Kriegsjubel in »Blau-Gelb«
Von Susann Witt-Stahl
Busse, U-Bahnen und im Hafen die Barkassen stoppten am Montag um Punkt zwölf Uhr. Für eine Minute stand ganz Hamburg still – eine Aktion, die die Bürger unter der Devise »Alle zusammen gegen Russland« zur Geschlossenheit mahnen soll, und die bereits zum dritten Mal in der Hansestadt stattfand. Sie wurde noch durch das Abspielen der ukrainischen Nationalhymne in lokalen Radiosendern begleitet.
Auf der Demonstration und Kundgebung in der Hamburger Innenstadt, an der sich laut Polizeiangaben rund 1.800 Menschen beteiligten, wurde »Frieden zu den Bedingungen der Ukraine« gefordert. Auf ihrem Fronttransparent befeuerten die Veranstalter die grassierende Russophobie durch Entfaltung eines Schreckensszenarios: »Sollte die Ukraine fallen, wird Russland zu Ihnen kommen.«
Bei dem vom Verein Vilni und dem Bund ukrainischer Veteranen und Kriegsverletzter organisierten Protest wurde, wie gewohnt, nicht an Hitlervergleichen gespart. Selbst die Vizebürgermeisterin, Katharina Fegebank (Bündnis 90/Die Grünen), fand nichts dabei, ihre Rede auf einer improvisierten Kundgebungsbühne hinter einem roten Schild mit aus zwei schwarzen Buchstaben Z geformten Hakenkreuz und der Aufschrift »Ruzzia 3rd Reich 2022« zu halten: Die Grünen-Politikerin warnte davor, dass aus der Ukraine werden könnte, was sie spätestens seit dem »Euromaidan« vor allem für den Westen ist: ein »Spielball« von Machtinteressen.
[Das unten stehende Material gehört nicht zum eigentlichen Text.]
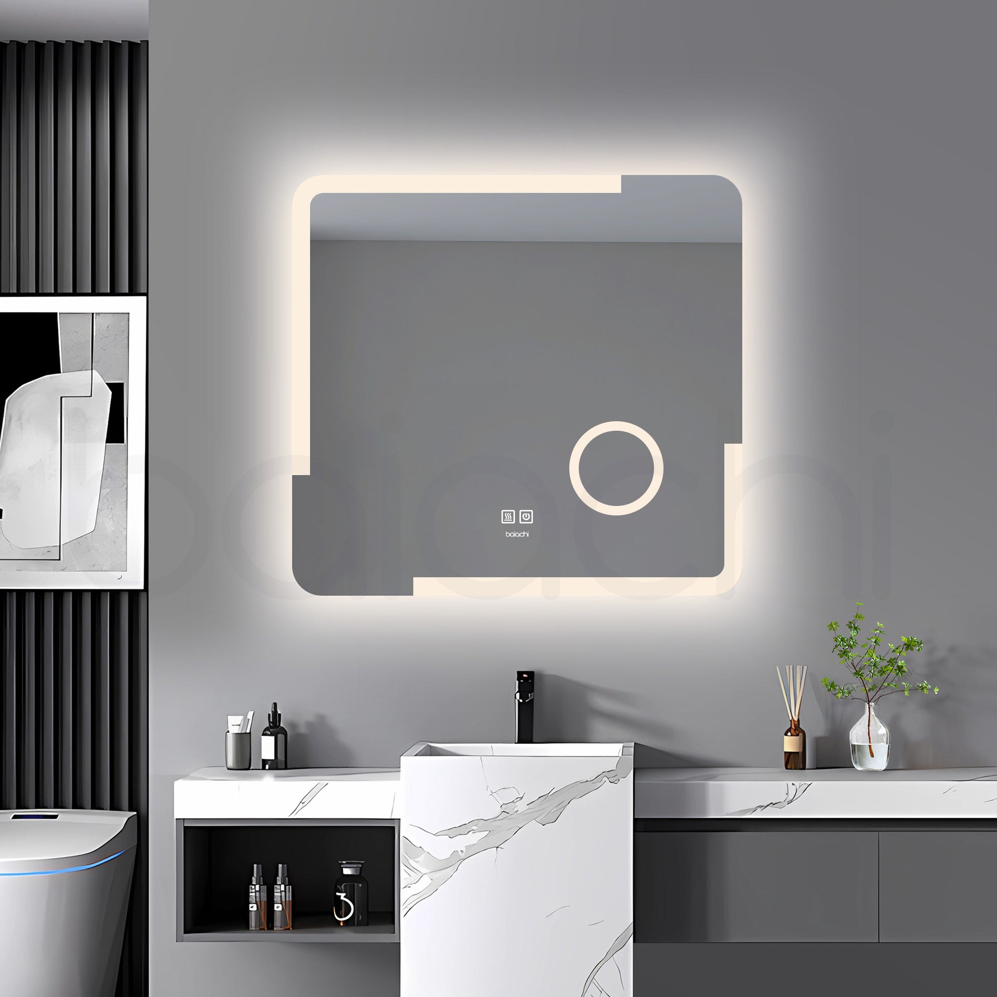 Baiachi LED Square 750x700mm Anti-Fog Mirror with Magnifier
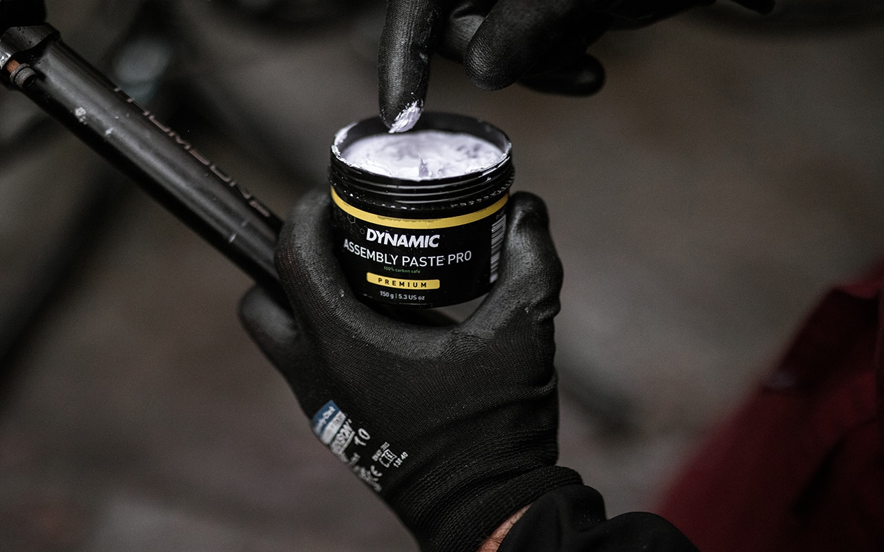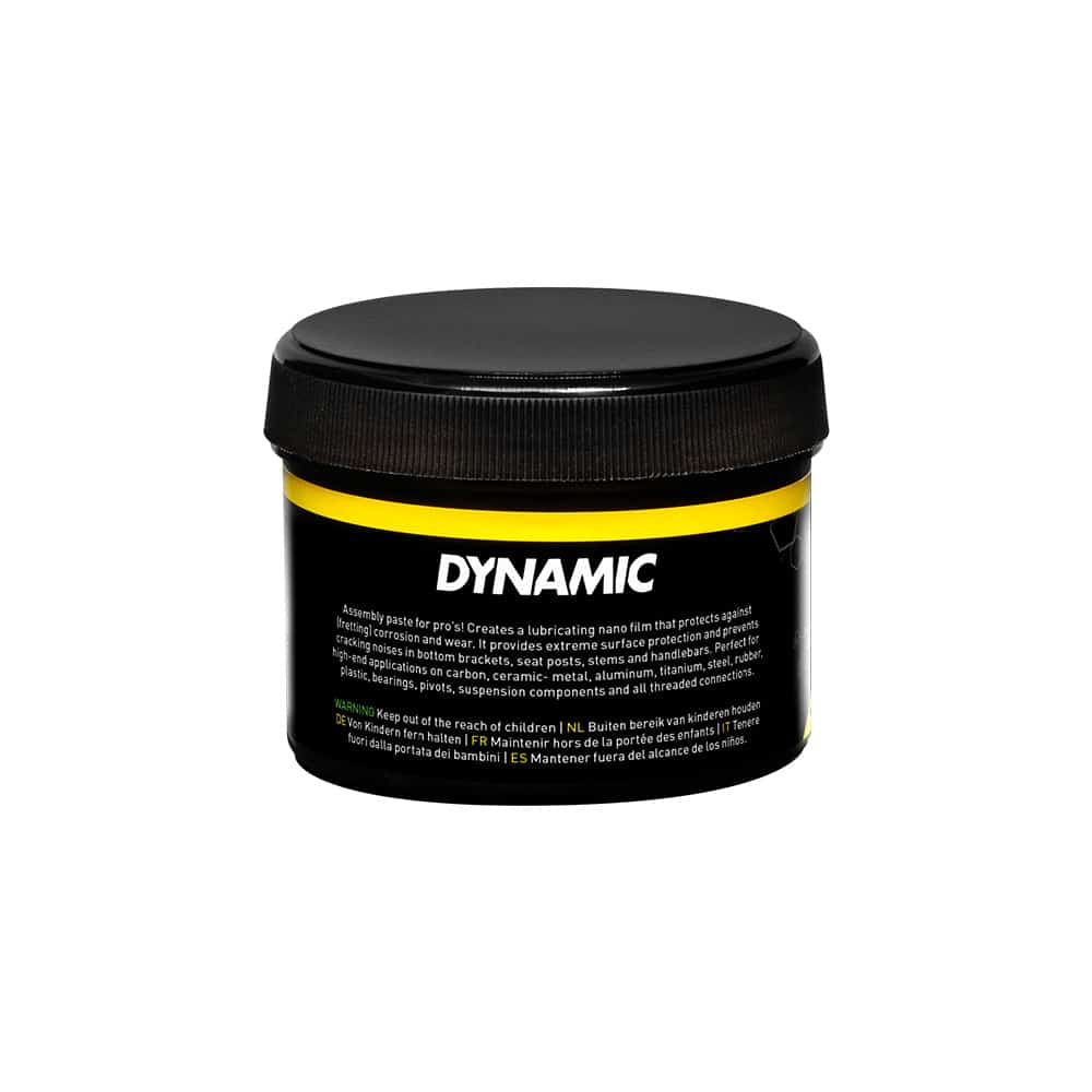 Dynamic Assembly Paste Pro creates a lubricating nano film between materials that protects against fretting corrosion and provides extreme surface protection. It prevents cracking noises in bottom brackets, seat posts, stems and handlebars.
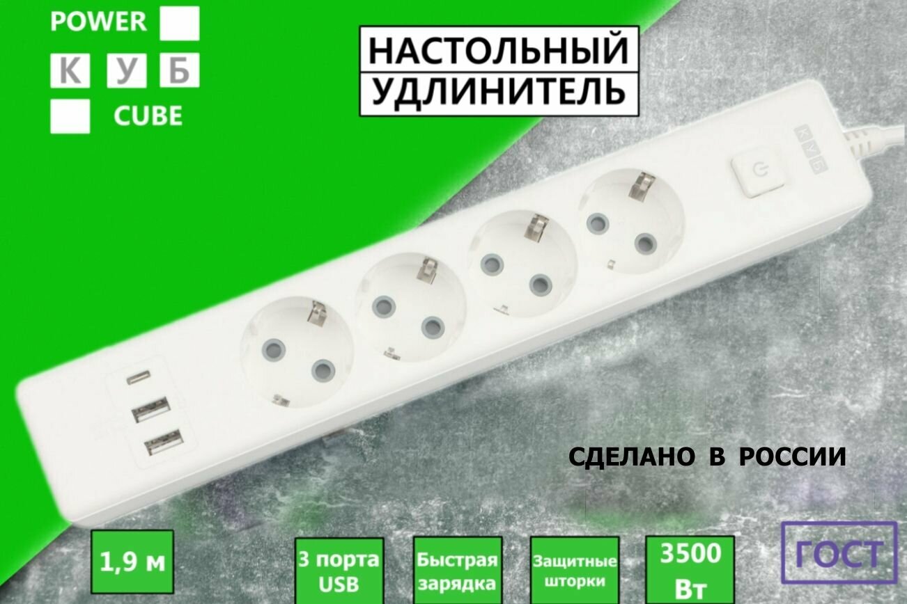 Купить Удлинитель электрический Power Cube 4р с/з вык,2USB-A, 1USB-Type-C, 3500 Вт, 16А,1.9 м PC-6-2M с доставкой по всей России.
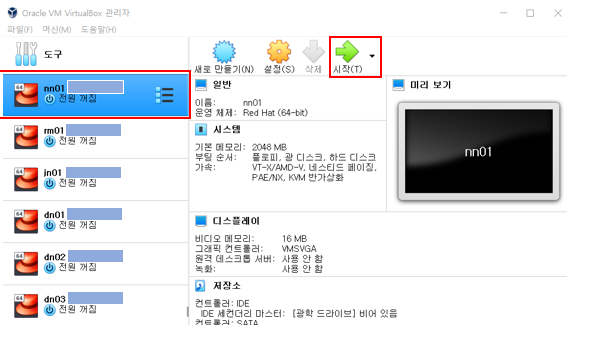 (서버 이름(nn01)옆 네모 박스는 회사 업무 중 복구를 위한 스냅샷, 본 가이드와는 무관하여 가림 처리, 초기 설치 시 없어도 그대로 진행)
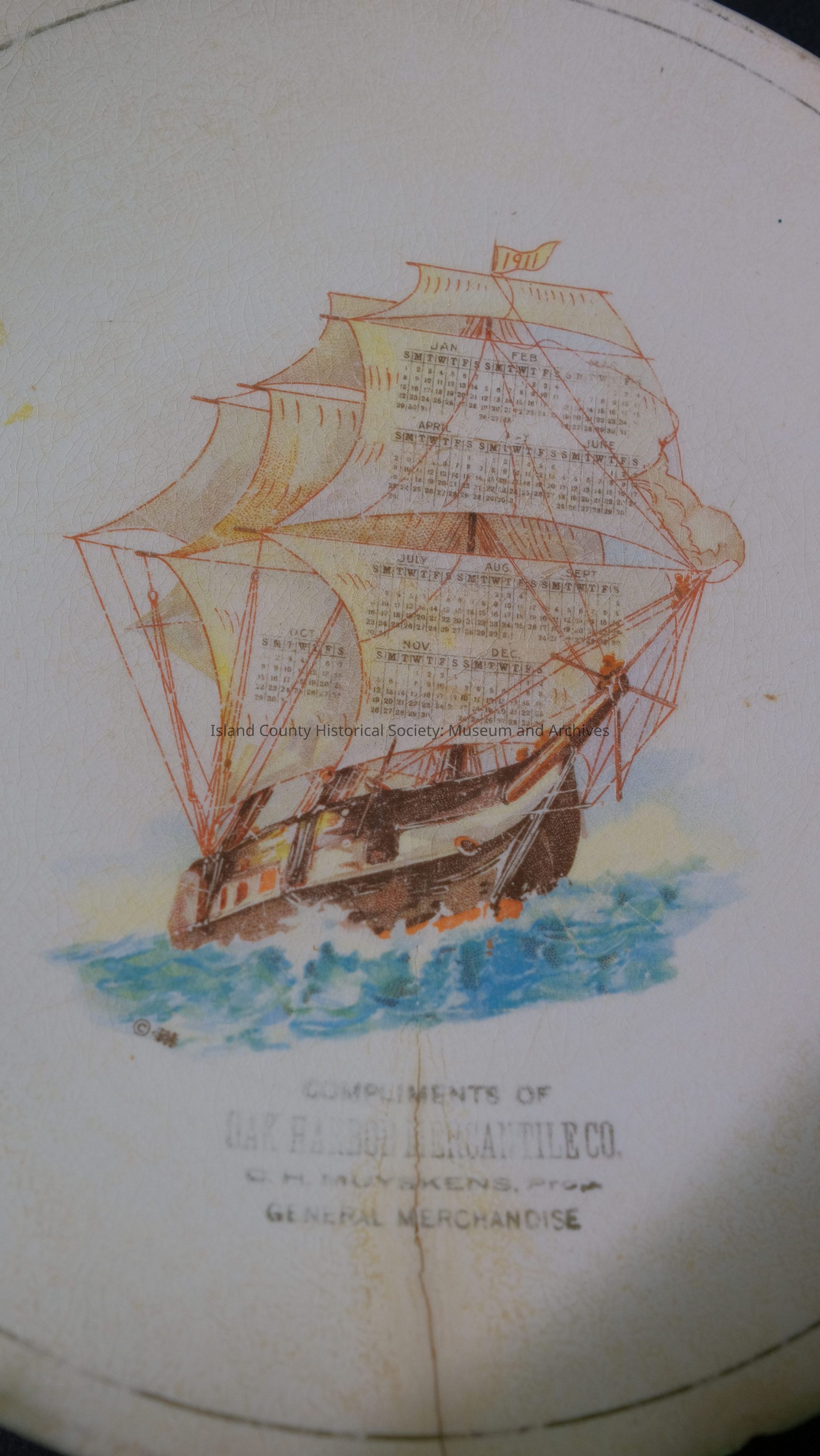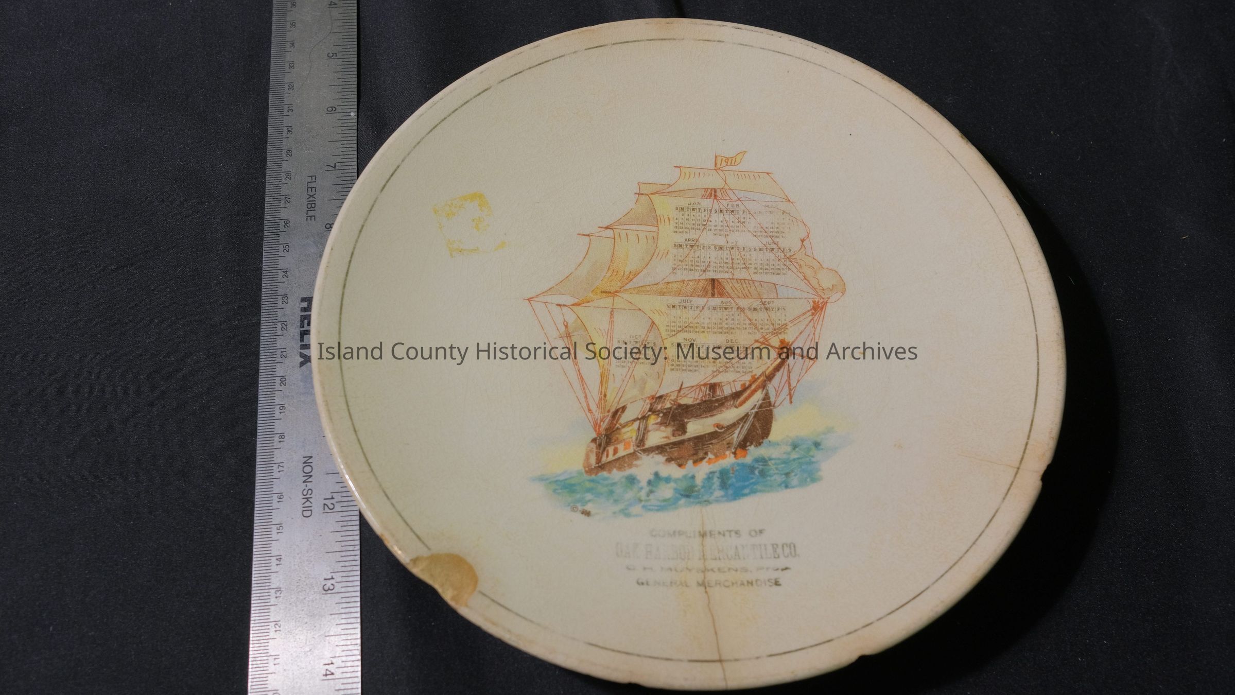 One ceramic plate with "Compliments of Oak Harbor Mercantile" and ship in the center. Oak Harbor mercantile plate.
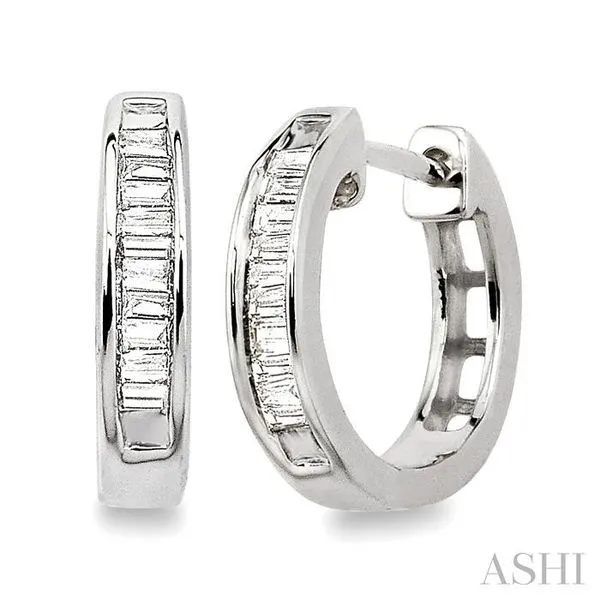 1/10 Ctw Baguette Cut Diamond Huggie Earrings in 14K White Gold Image 3 Adler's Diamonds Saint Louis, MO

Es dürfe keinen »Diktatfrieden« zu dem Preis geben, »dass auch unsere Demokratie und Freiheit in Europa bedroht ist«, so Fegebank. »Daher bedarf es jetzt eines starken Deutschlands.« Dieses definierten Vertreter anderer liberalen Parteien aus: »Wir müssen die Ukraine auch weiterhin unterstützen, zur Not auch vollkommen ohne die USA«, sagte ein Redner der Volt-Partei unter großem Applaus. »Ob wir dafür zwei Prozent, drei Prozent, fünf Prozent oder mehr unseres Bruttoinlandsprodukts ausgeben müssen, darf keine Rolle spielen.«
Die Kundgebung der ukrainischen Diasporaorganisationen war getragen von großen Hoffnungen, die nach der Bundestagswahl aufkeimen. Gefeiert wurde die Niederlage des BSW als »Erfolg gegen die russische Propaganda«, vor allem aber ein CDU-Bundeskanzler Friedrich Merz, der einen weitgehend verschütteten Traum doch noch wahr werden lassen könnte: Die Lieferung von »Taurus«-Marschflugkörpern – wie sie auch eine Sprecherin der FDP forderte, die deutlich machte, dass etwas anderes als ein Sieg der Ukraine nicht akzeptabel sei.
Die Redner verloren kein Wort über die Kriegsmüdigkeit der Bevölkerung in der Ukraine. Und kein Ausdruck von authentischem Schmerz über die schweren Verluste und Verheerungen in dem Land, etwa in Liedern und Gedichten, ohne dass er von nationalistischen Tönen neutralisiert wurde. Außer dass sich die Masse dem üblichen »Slawa Ukraini!«-Rausch hingab, waren auch wiederholt die letzten Zeilen des »Gebets des ukrainischen Nationalisten« der faschistischen Organisation Ukrainischer Nationalisten zu vernehmen. Vereinzelt wurde die rot-schwarze Fahne der Banderisten gezeigt.
Ein ähnliches Bild bot sich in anderen Städten, wie München, Dresden, Leipzig, wo der »gemeinsame Sieg über das putinistische Böse« beschworen wurde, und in Köln. Dort verlangten die Organisatoren vom Blau-Gelben Kreuz schon in ihrem Aufruf ein Ende der deutschen Zurückhaltung und einen neuen Kanzler, der sich »von Russland nicht länger irritieren und verunsichern« lässt.
In Berlin sorgten Cem Özdemir (Grüne) und Kai Wegner (CDU) vor einem in blau-gelb getauchten Brandenburger Tor für volksgemeinschaftliche Hochgefühle. »Eine freie Ukraine ist eine Lebensversicherung für ein freies Deutschland«, so der Landwirtschaftsminister. »Europa steht zusammen. Berlin steht zusammen«, versprach der Bürgermeister – ebenso »dass wir den Diktator Putin niemals gewinnen lassen«. Die bundesweit größte Kundgebung mit rund 8.000 Teilnehmern wurde, wie bereits im vergangenen Jahr, von Kriegslinken unterstützt. Ein »Anarchist Block« gegen »russischen faschistischen Imperialismus« schloss sich nach einer eigenen Demonstration der Veranstaltung an.